Stored data:
********

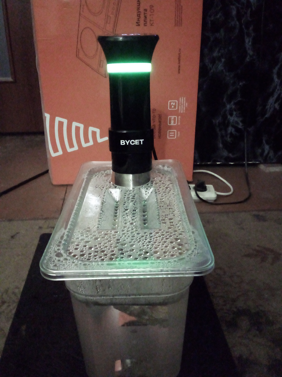 ❶ 38 °C (низкотемпературная ферментация) · 🥛 Йогурт — 240 мин · 🍓 Клубника в шоколаде — 5 мин ❷ 57 °C (мягкое прогревание) · ☕ Кофейный ликёр — 30 мин · 🍋 Лимончелло — 120 мин · 🐟 Путассу — 60 мин ❸ 60–65 °C (деликатная тепловая обработка) · 🍅 Томаты — 45–60 мин · 🥚 Яйцо пашот — 50 мин · 🍗 Курица в сливочно-грибном соусе — 65 мин · 🍗 Курица/индейка (грудка/бедро) — 60–180 мин · 🫑 Перцы фаршированные — 300 мин · 🍏 Яблоки с мёдом — 300 мин · 🥚 Яйца — 60 мин ❹ 72 °C (умеренный нагрев) · 🧈 Паштет из куриной печени — 60 мин · 🫑 Перцы ленивые — 90 мин ❺ 78–80 °C (средняя температура) · 🧀 Сыр рикотта (заготовка) — 40 мин · 🧈 Ароматное масло — 120 мин · 🍌 Бананы в шоколадном соусе — 90 мин · 🍖 Колбаса ливерная — 40 мин · 🍮 Крем-брюле — 60–65 мин · 🦖 Ножки свиные — 480 мин · 🧁 Творожная запеканка — 90 мин · 🍰 Чизкейк — 90 мин ❻ 83–85 °C (повышенный нагрев) · 🍈 Заготовка из тыквы — 90 мин · 🐷 Свиная шкура — 300 мин · 🦴 Свиные рёбра — 360 мин · 🧈 Топлёное масло — 60 мин ·
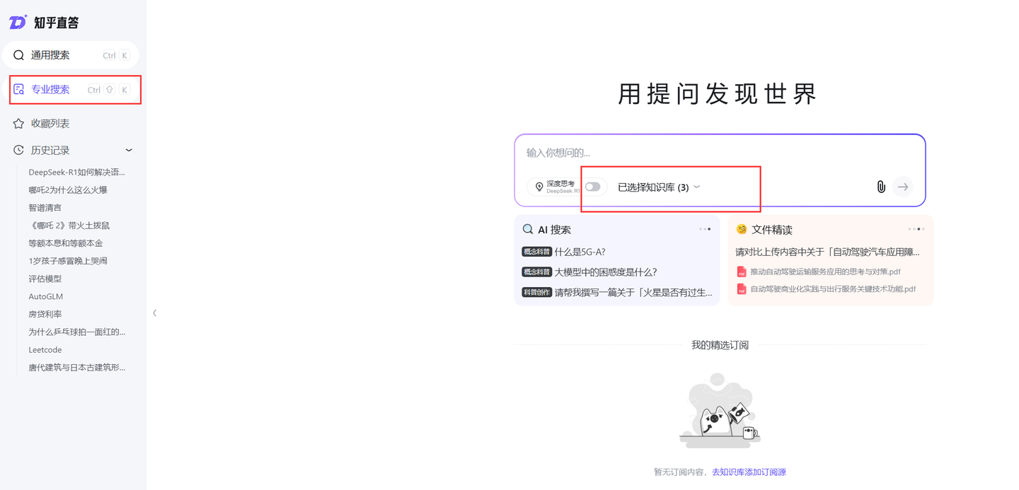 另一个优势在于,知乎直答接入了知识库功能,可以基于DeepSeek构建自己的个人知识库,它的入口在左下角这里:
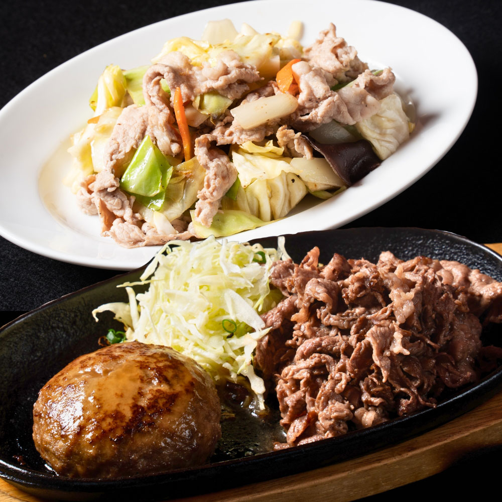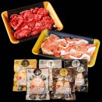 国産牛切り落とし(250g)、白金豚切り落とし(250g)、金格ハンバーグ(120g)1個、白格ハンバーグ(120g)1個、黒格ハンバーグ(120g)1個、牛醤ハンバーグ(120g)1個、薫格ハンバーグ(120g)1個
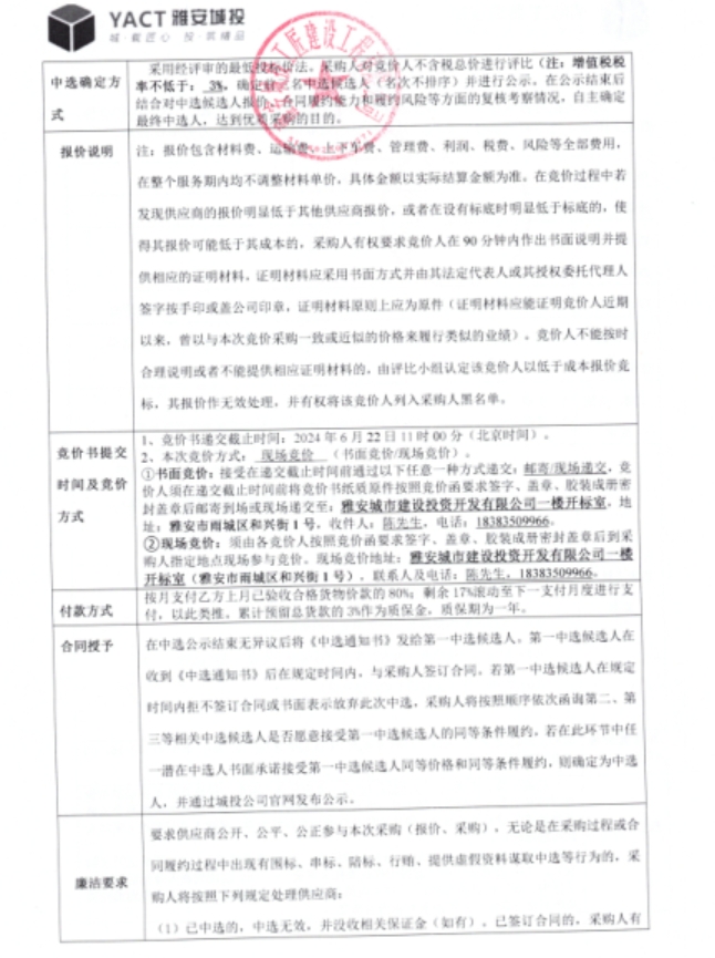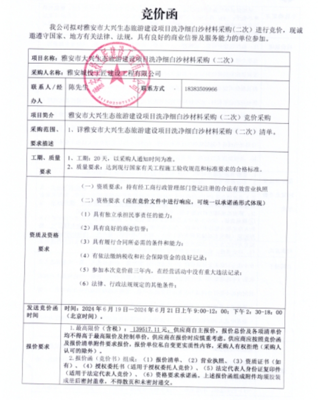 雅安市大興生態(tài)旅游建設(shè)項(xiàng)目洗凈細(xì)白沙材料采購(二次)競價(jià)公告
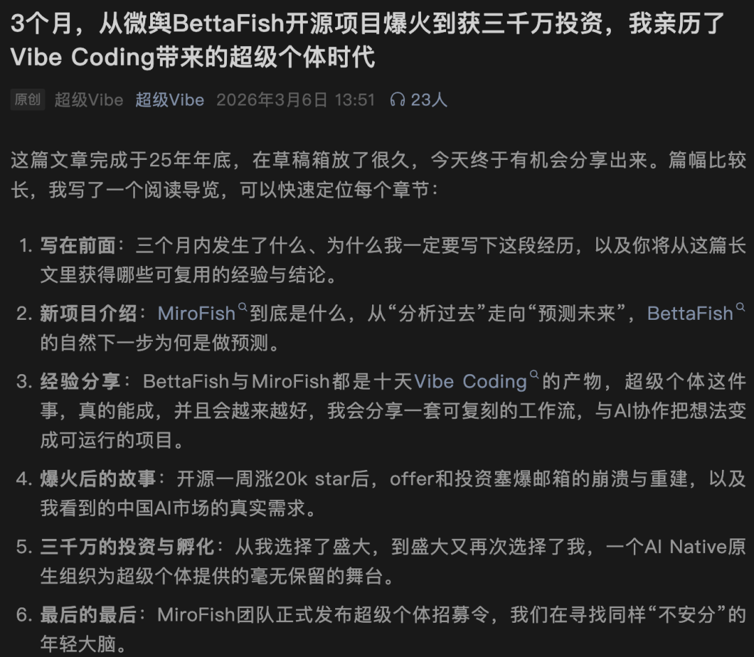 让人没想到的是,超越OpenAI、谷歌、微软等机构的开源项目的MiroFish,背后是一个国内大四学生,仅仅3个月的时间,就拿下3000万投资。
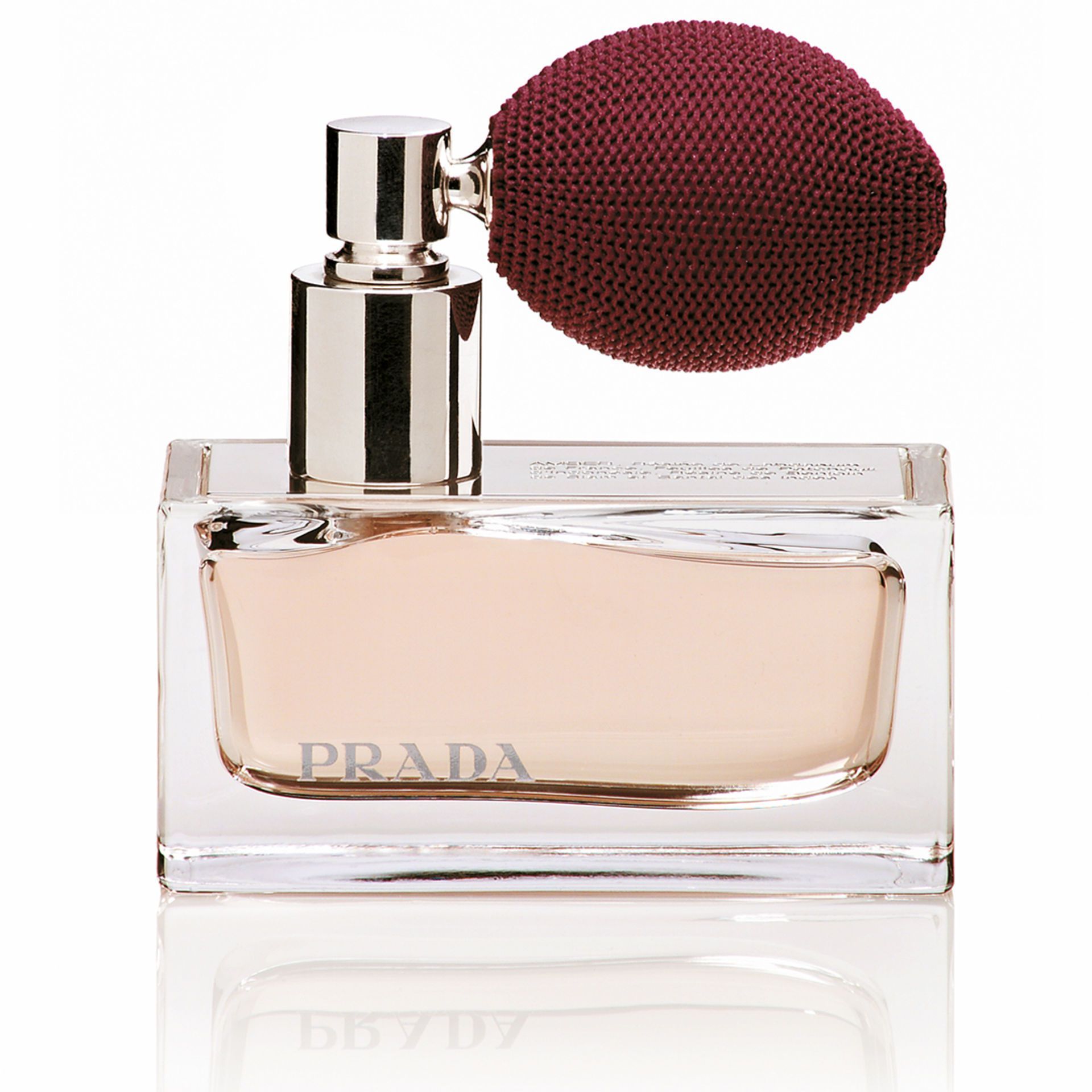Prada (Amber) segna il debutto del brand nel settore delle essenze. Lanciato sul mercato nel 2004 si basa su quattro ingredienti fondamentali del nuovo profumo: olio di legno di sandalo dell’India, olio di foglie di patchouli indonesiano, la resina di Labdano francese e il benzoino del Siam. Il binomio tradizione e innovazione torna anche nel packaging, che unisce un flacone di forme pure, quasi architettoniche e un nebulizzatore a pompetta che ricorda i profumi d’antan. Il tocco deluxe? Una placchetta di metallo riporta i quattro ingredienti principali e offre l’opportunità di incidervi le iniziali del proprietario.

********

Action item. Could you write out all the records exactly, without the pictures?

Response to this exercise.
 ❶ 38 °C (низкотемпературная ферментация) · 🥛 Йогурт — 240 мин · 🍓 Клубника в шоколаде — 5 мин ❷ 57 °C (мягкое прогревание) · ☕ Кофейный ликёр — 30 мин · 🍋 Лимончелло — 120 мин · 🐟 Путассу — 60 мин ❸ 60–65 °C (деликатная тепловая обработка) · 🍅 Томаты — 45–60 мин · 🥚 Яйцо пашот — 50 мин · 🍗 Курица в сливочно-грибном соусе — 65 мин · 🍗 Курица/индейка (грудка/бедро) — 60–180 мин · 🫑 Перцы фаршированные — 300 мин · 🍏 Яблоки с мёдом — 300 мин · 🥚 Яйца — 60 мин ❹ 72 °C (умеренный нагрев) · 🧈 Паштет из куриной печени — 60 мин · 🫑 Перцы ленивые — 90 мин ❺ 78–80 °C (средняя температура) · 🧀 Сыр рикотта (заготовка) — 40 мин · 🧈 Ароматное масло — 120 мин · 🍌 Бананы в шоколадном соусе — 90 мин · 🍖 Колбаса ливерная — 40 мин · 🍮 Крем-брюле — 60–65 мин · 🦖 Ножки свиные — 480 мин · 🧁 Творожная запеканка — 90 мин · 🍰 Чизкейк — 90 мин ❻ 83–85 °C (повышенный нагрев) · 🍈 Заготовка из тыквы — 90 мин · 🐷 Свиная шкура — 300 мин · 🦴 Свиные рёбра — 360 мин · 🧈 Топлёное масло — 60 мин ·
 另一个优势在于,知乎直答接入了知识库功能,可以基于DeepSeek构建自己的个人知识库,它的入口在左下角这里:
 国産牛切り落とし(250g)、白金豚切り落とし(250g)、金格ハンバーグ(120g)1個、白格ハンバーグ(120g)1個、黒格ハンバーグ(120g)1個、牛醤ハンバーグ(120g)1個、薫格ハンバーグ(120g)1個
 雅安市大興生態(tài)旅游建設(shè)項(xiàng)目洗凈細(xì)白沙材料采購(二次)競價(jià)公告
 让人没想到的是,超越OpenAI、谷歌、微软等机构的开源项目的MiroFish,背后是一个国内大四学生,仅仅3个月的时间,就拿下3000万投资。
Prada (Amber) segna il debutto del brand nel settore delle essenze. Lanciato sul mercato nel 2004 si basa su quattro ingredienti fondamentali del nuovo profumo: olio di legno di sandalo dell’India, olio di foglie di patchouli indonesiano, la resina di Labdano francese e il benzoino del Siam. Il binomio tradizione e innovazione torna anche nel packaging, che unisce un flacone di forme pure, quasi architettoniche e un nebulizzatore a pompetta che ricorda i profumi d’antan. Il tocco deluxe? Una placchetta di metallo riporta i quattro ingredienti principali e offre l’opportunità di incidervi le iniziali del proprietario.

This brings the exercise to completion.